In addition to the restoration of female germ cells, the ectopic CYP17-positive cells in the Wnt4 KO ovary (Fig. 2G) were no longer present in the Wnt4−/−; SF1/cre; Ctnnb1fl.(ex3) ovary (Fig. 2I), indicating activation of β-catenin in SF1-positive Wnt4 KO somatic cells were able to prevent the ectopic appearance of CYP17-postve cells. This genetic evidence places β-catenin downstream of WNT4 in a somatic cell-specific pathway responsible for female germ cell survival and preventing ectopic appearance of CYP17-positive cells in the fetal ovary.

Exclusion of the involvement of androgens in germ cell loss phenotype in the β-catenin cKO ovary

In addition to germ cell loss, inactivation of Wnt4 or β-catenin resulted in ectopic appearance of androgen-producing CYP17-positive cells in the ovary (Fig. 2F & G) [18], [25]. These ectopic CYP17-positive cells produce sufficient androgen that maintains androgen-dependent male reproductive organs such as epididymis and vas deferens in the Wnt4 and β-catenin cKO female embryos [18], [22]. To examine whether ectopic androgen production is responsible for the loss of germ cells, we injected the anti-androgen flutamide daily from 12.5 dpc to birth into pregnant female mice carrying β-catenin cKO embryos.

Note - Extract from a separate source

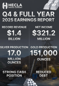 Hecla Mining Company (NYSE: HL) released its Q4 and full-year 2025 earnings results today, marking a standout year for the leading U.S. silver producer.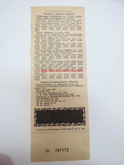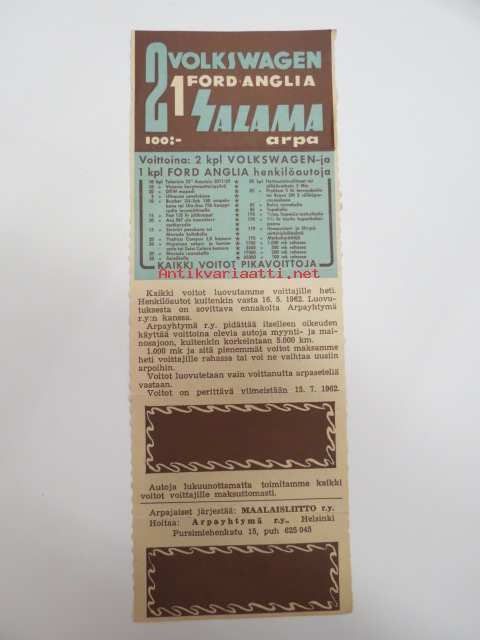 2 Volkswagen - 1 Ford Anglia / Salama-arpa / Maalaisliitto ry arpalipuke

Flutamide is a potent androgen antagonist that has been wildly used to block androgenic effects for clinical treatment of prostate cancer and for basic research on androgen action during embryogenesis [26]. Flutamide injection efficiently blocked the masculinizing effects of androgens in the β-catenin cKO female embryos based on the fact that male reproductive characteristics such as the epididymis were inhibited (Fig. 3D & H) compared to the cKO female without flutamide treatment (Fig. 3B & F). To further confirm that androgen functions were properly inhibited, we examined control male embryos exposed to flutamide in utero. We observed underdeveloped testis and other male reproductive organs compared to the vehicle-treated control (data not shown). These results were similar to what was reported in the literature [27], indicating that the flutamide treatment was sufficient to block androgen action in our system. However, regardless the presence or absence of flutamide treatment, loss of female germ cells was still observed in the β-catenin cKO ovaries at birth (Fig. 3J & L). Flutamide treatment had no effects on development of the female reproductive systems and female germ cells in the control females (SF1/cre; Ctnnb1f/+; Fig. 3A, C, E, G, I, & K). These results demonstrate that loss of germ cells in the β-catenin cKO ovary does not result from ectopic androgen production.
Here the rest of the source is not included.